**Exercise description:**
What is needed here is each entry reproduced exactly, without its pictures.

■ ■ ■ ■

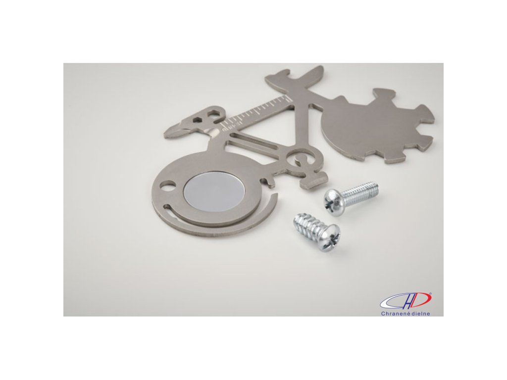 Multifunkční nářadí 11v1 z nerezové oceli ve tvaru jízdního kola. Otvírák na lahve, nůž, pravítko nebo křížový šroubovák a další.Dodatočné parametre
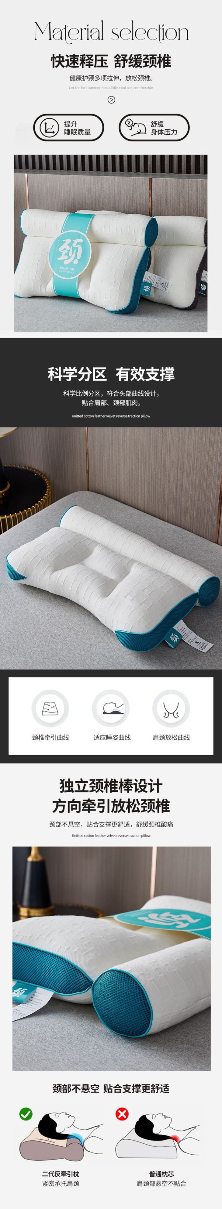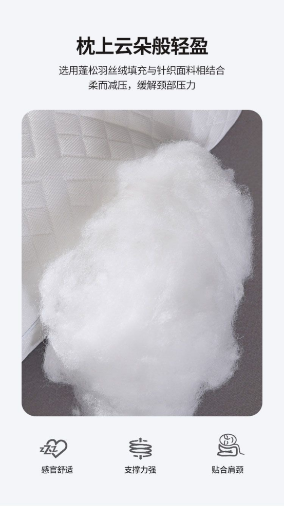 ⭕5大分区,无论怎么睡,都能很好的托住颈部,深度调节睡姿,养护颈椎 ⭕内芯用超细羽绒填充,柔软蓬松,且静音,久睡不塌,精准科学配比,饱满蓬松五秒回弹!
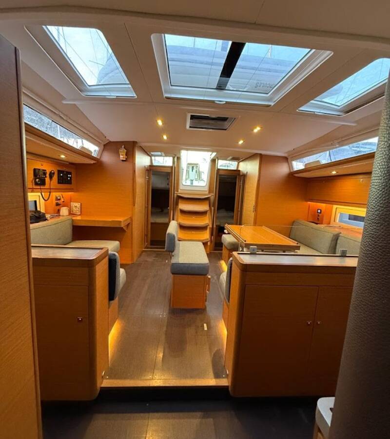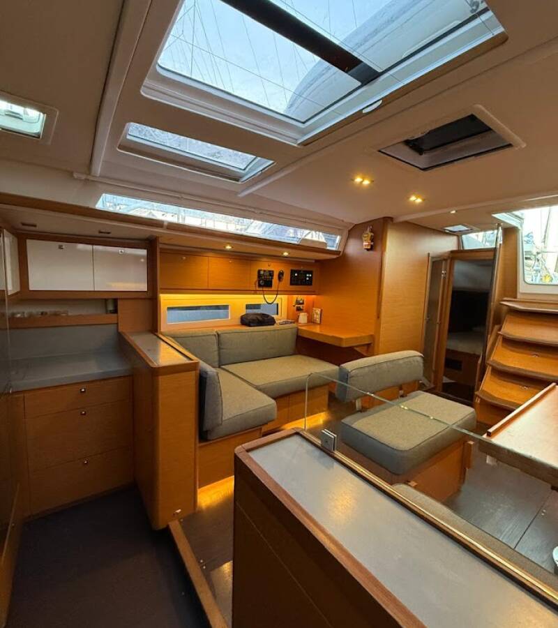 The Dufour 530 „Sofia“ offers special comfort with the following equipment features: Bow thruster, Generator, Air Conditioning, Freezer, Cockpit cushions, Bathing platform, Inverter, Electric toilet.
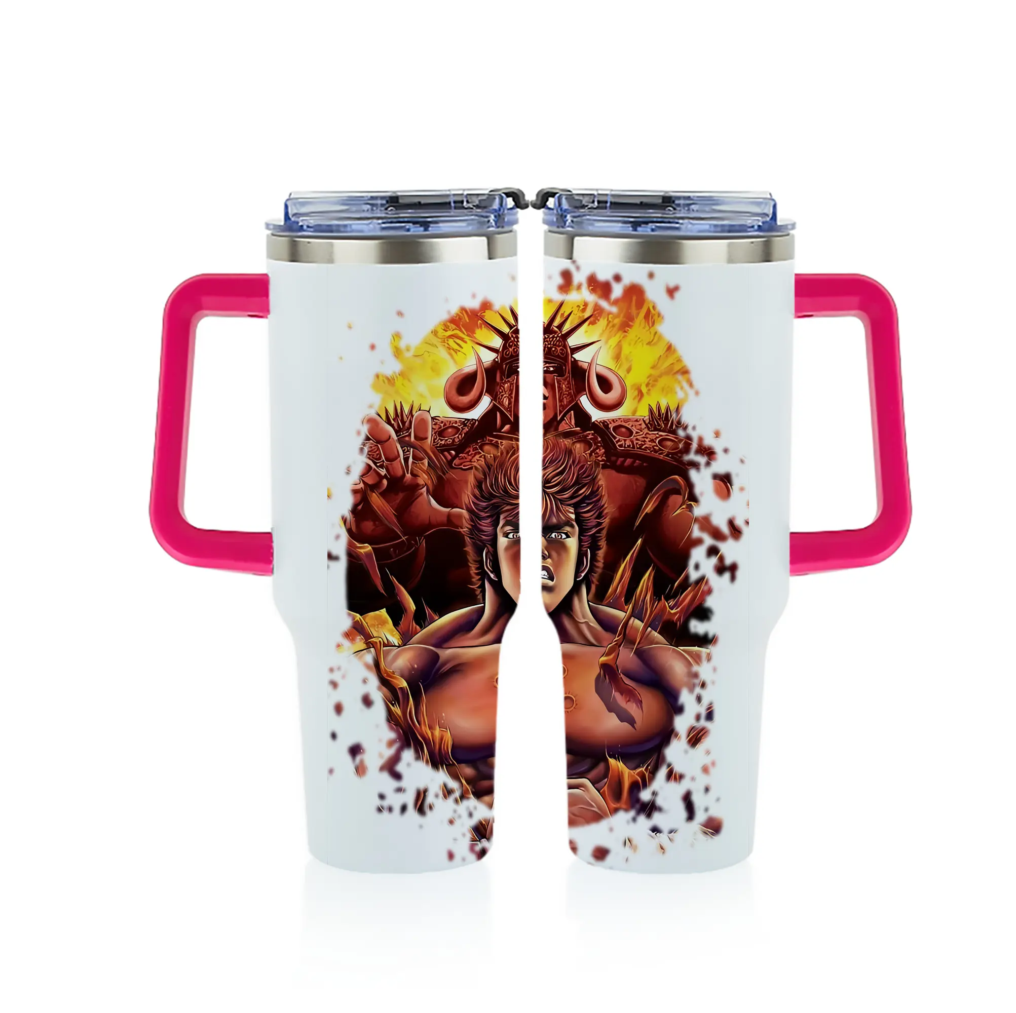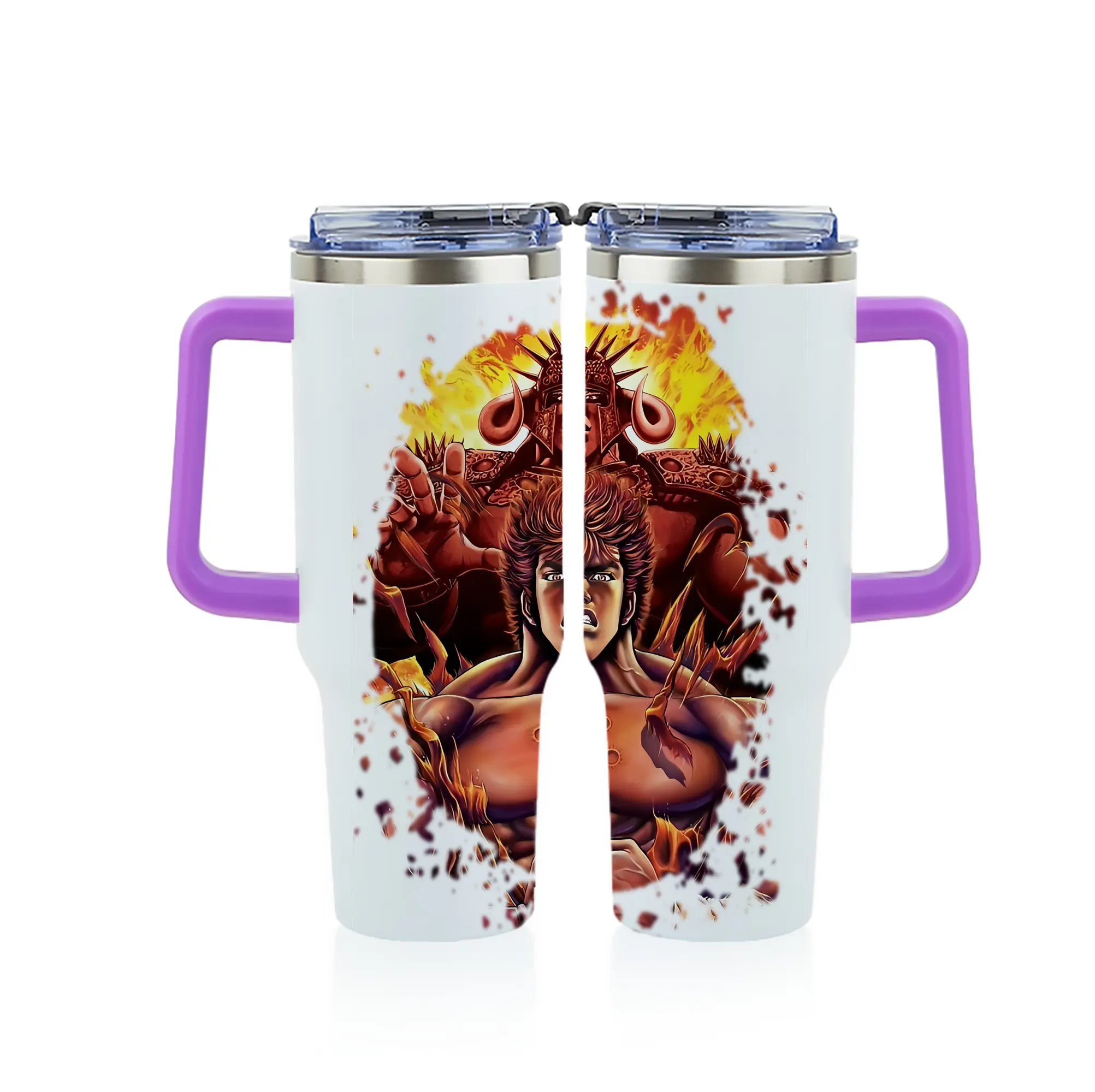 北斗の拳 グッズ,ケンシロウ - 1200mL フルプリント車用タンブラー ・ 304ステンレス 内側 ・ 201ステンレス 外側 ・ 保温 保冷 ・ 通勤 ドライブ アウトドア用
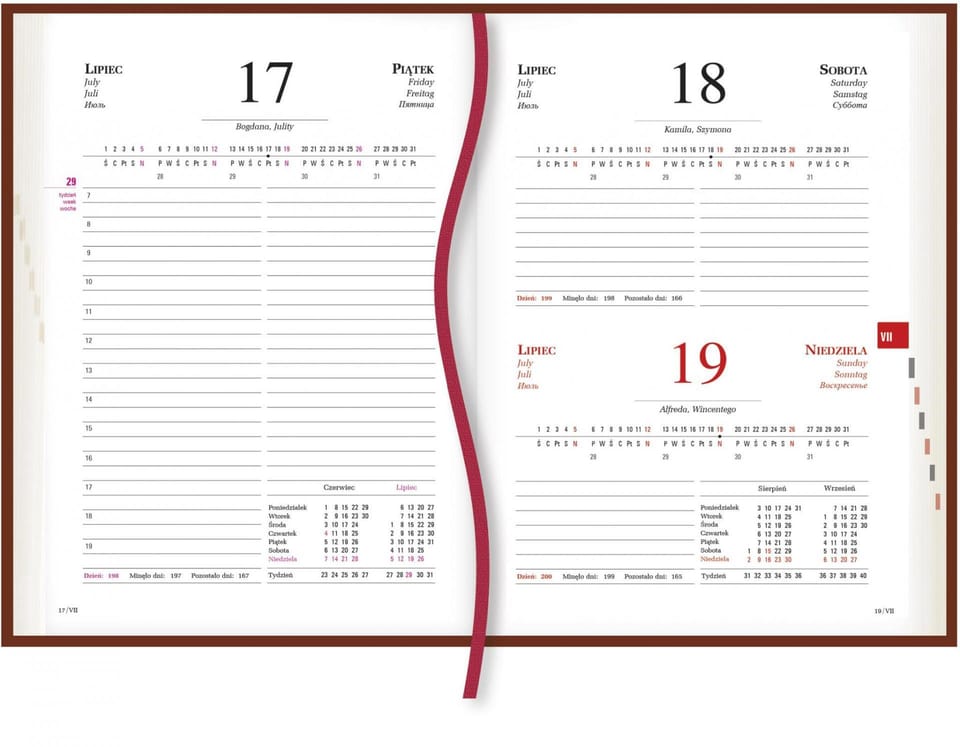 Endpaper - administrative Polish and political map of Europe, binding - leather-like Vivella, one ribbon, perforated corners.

■ ■ ■ ■

**Task output:**
 Multifunkční nářadí 11v1 z nerezové oceli ve tvaru jízdního kola. Otvírák na lahve, nůž, pravítko nebo křížový šroubovák a další.Dodatočné parametre
 ⭕5大分区,无论怎么睡,都能很好的托住颈部,深度调节睡姿,养护颈椎 ⭕内芯用超细羽绒填充,柔软蓬松,且静音,久睡不塌,精准科学配比,饱满蓬松五秒回弹!
 The Dufour 530 „Sofia“ offers special comfort with the following equipment features: Bow thruster, Generator, Air Conditioning, Freezer, Cockpit cushions, Bathing platform, Inverter, Electric toilet.
 北斗の拳 グッズ,ケンシロウ - 1200mL フルプリント車用タンブラー ・ 304ステンレス 内側 ・ 201ステンレス 外側 ・ 保温 保冷 ・ 通勤 ドライブ アウトドア用
 Endpaper - administrative Polish and political map of Europe, binding - leather-like Vivella, one ribbon, perforated corners.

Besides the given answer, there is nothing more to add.